This reduces to the following system on matrix multiplication:

${\displaystyle {\begin{pmatrix}x_{1}+2\\x_{2}-1\\x_{3}+4\\0\end{pmatrix}}={\begin{pmatrix}0\\0\\0\\0\end{pmatrix}}}$

It is clear from here that ${\displaystyle x_{1}=-2,\ x_{2}=1,\ x_{3}=-4,\ x_{4}=1,\ x_{5}=0}$ is the solution.

Thus ${\displaystyle v_{1}=(-2,\ 1,\ -4,\ 1,\ 0)}$. Similarly ${\displaystyle v_{2}}$ is found to be ${\displaystyle (-2,\ -3,\ 1,\ 0,\ 1)}$.

The set ${\displaystyle \{v_{1},v_{2}\}}$ is the basis of the null space and the nullity of the matrix A is 2. In fact this method gives us a way to describe the null space as well which would be: ${\displaystyle \{\alpha v_{1}+\beta v_{2}:\alpha ,\beta \in \mathbb {R} \}}$ (Why? - Because the linear combination of solutions is also a solution)

Implications of nullity being zero

The example given above gives no hint as to what happens when there are no free variables in the row echelon form of A. All we said that in step 4 of our algorithm was that if ${\displaystyle x_{i}}$ is not a free variable then don't do anything. Following that logic, if no variable is free then we keep on doing nothing, leading to the conclusion that if no variable is free then the basis of the null space is an empty set i.e. ${\displaystyle \emptyset }$. In that case we say that the nullity of the null space is 0. Note that the null space itself is not empty and contains precisely one element which is the zero vector.

Now suppose that A is any matrix of order m x n with columns ${\displaystyle c_{1},c_{2},...c_{n}}$. Each ${\displaystyle c_{i}}$ is a vector in the m-dimensional space. If the nullity of A is zero, then it follows that Ax=0 has only the zero vector as the solution.

More precisely,

${\displaystyle Ax={\begin{pmatrix}c_{1}&c_{2}&\ldots &c_{n}\end{pmatrix}}{\begin{pmatrix}x_{1}\\x_{2}\\\vdots \\x_{n}\end{pmatrix}}=x_{1}c_{1}+x_{2}c_{2}+\ldots +x_{n}c_{n}=0}$

has the trivial solution only. This implies that nullity being zero makes it necessary for the columns of A to be linearly independent. By retracing our steps we can show that the converse is true as well.

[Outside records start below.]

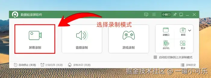 步骤1:点击打开数据 蛙录屏软件,软件提供了丰富多样的录制模式,像屏幕录制、游戏录制、音频录制等,大家可根据自身需求挑选。今天我们以 “屏幕录制” 模式为例展开介绍。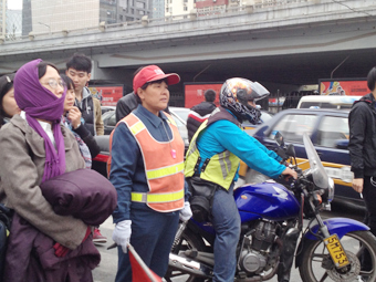 陈益华就是其中一位交通协管员,10月9日14点,寒风乍起,雾霾笼罩,她戴着红帽,吹着口哨、挥动小旗在两个路口之间穿梭,长期风吹日晒,让她的脸看上去明显黝黑。“往后站,往后站,注意安全……”总有一些心急的行人踏上斑马线,探出脖子观察车流,伺机穿过马路,陈益华要不时上前把人拉回来。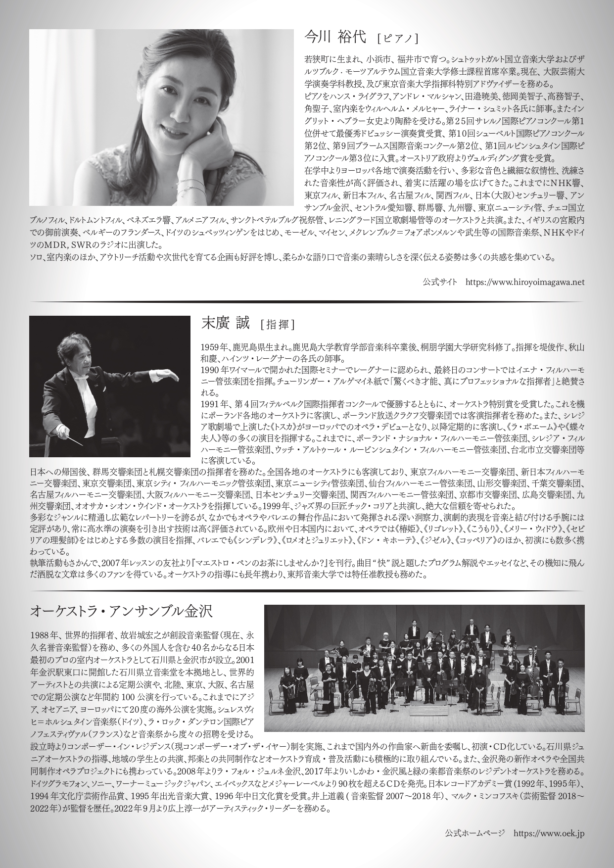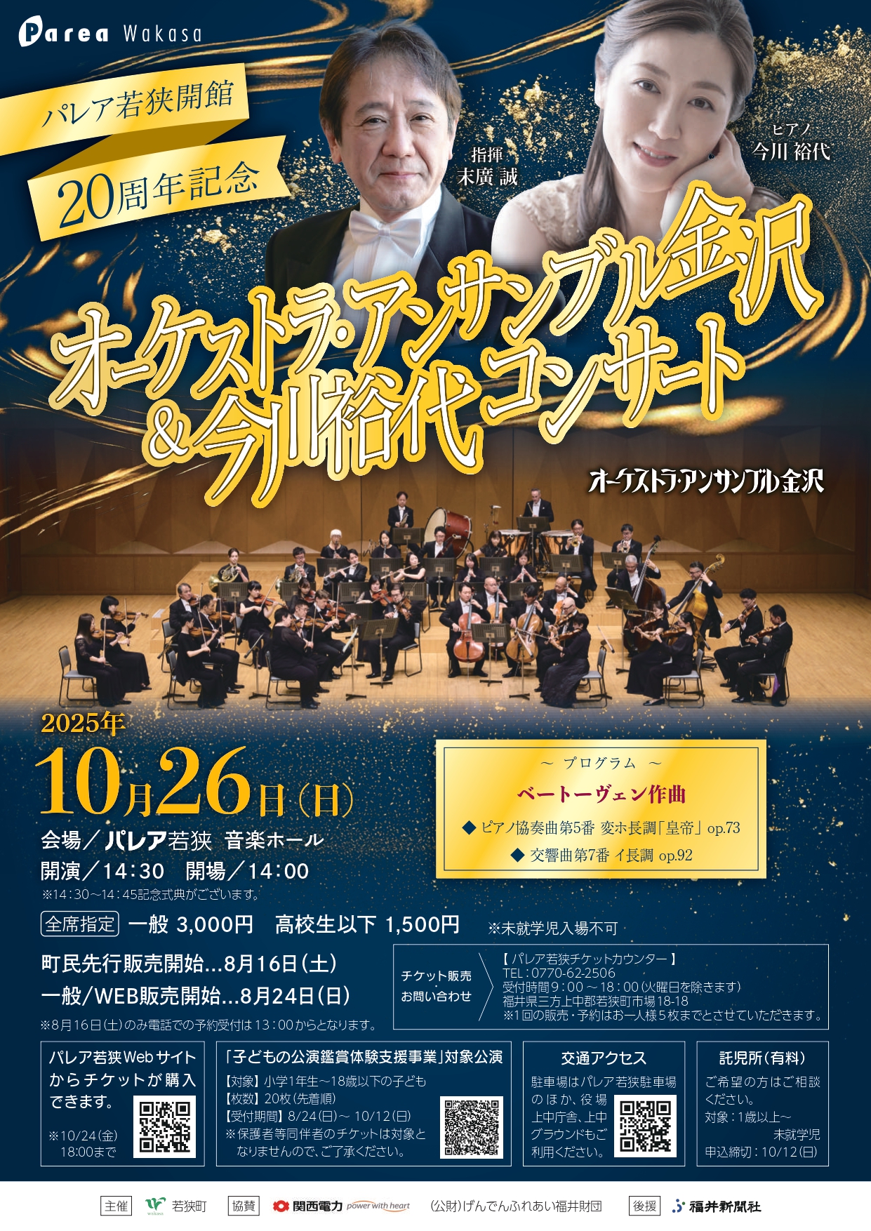 パレア若狭開館20周年を記念して若狭町出身のピアニスト今川裕代とオーケストラ・アンサンブル金沢による記念コンサートを実施します。指揮は、世界的評価も高く、様々なジャンルで活躍する末廣誠となります。世界で活躍する一流奏者たちの共演を楽しむと共に、クラシック音楽の魅力にふれてみてください。

Let us examine the special case of a square matrix, i.e. when m = n. Now if the nullity is zero then there is no free variable in the row reduced echelon form of the matrix A, which is say U. Hence each row contains a pivot, or a leading non zero entry. In that case U must be of the form, ${\displaystyle {\begin{bmatrix}1&0&0&\cdots &0\\0&1&0&\cdots &0\\\vdots &\vdots &\vdots &\vdots &\vdots \\0&0&0&\cdots &1\end{bmatrix}}}$

or U must precisely be the identity matrix I. Conversely, if A is row equivalent to I then Ax = 0 and Ix = 0 have the same solutions, due to their being equivalent. Since Ix = 0 has only the trivial solution x = 0, so does Ax = 0. It follows that the null space of A is merely {0} and so the nullity of A is 0.

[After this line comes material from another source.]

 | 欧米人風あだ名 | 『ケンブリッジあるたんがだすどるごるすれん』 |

Thus nullity of A is 0 ${\displaystyle \iff }$ A is row equivalent to I.

Now if A is row equivalent to I then ${\displaystyle A=E_{1}E_{2}\cdots E_{k}}$ where each ${\displaystyle E_{i}}$ is an elementary matrix. Since a product of invertible matrices is invertible and each ${\displaystyle E_{i}}$ is invertible so A is invertible. Conversely if A was invertible, and U its row reduced echelon form then ${\displaystyle U=E_{1}\cdots E_{k}A}$ which is clearly invertible (by virtue of being a product of invertible matrices). Now a matrix containing a zero row can never be invertible (why?), so U has pivots in each row. It follows that there are n pivots all equal to 1, with zeros above and below them and so U = I. Thus A is row equivalent to I.

In summary, A is row equivalent to I ${\displaystyle \iff }$ A is invertible.

We can collect the entire argument in this section, to state the:

Theorem: For a square matrix of order n, the following are equivalent:

1. A is invertible.
2. Nullity of A is 0.
3. A is row equivalent to the identity matrix.
4. Columns of A are linearly independent.
5. The system Ax = 0 has only the trivial solution.
6. A is a product of elementary matrices.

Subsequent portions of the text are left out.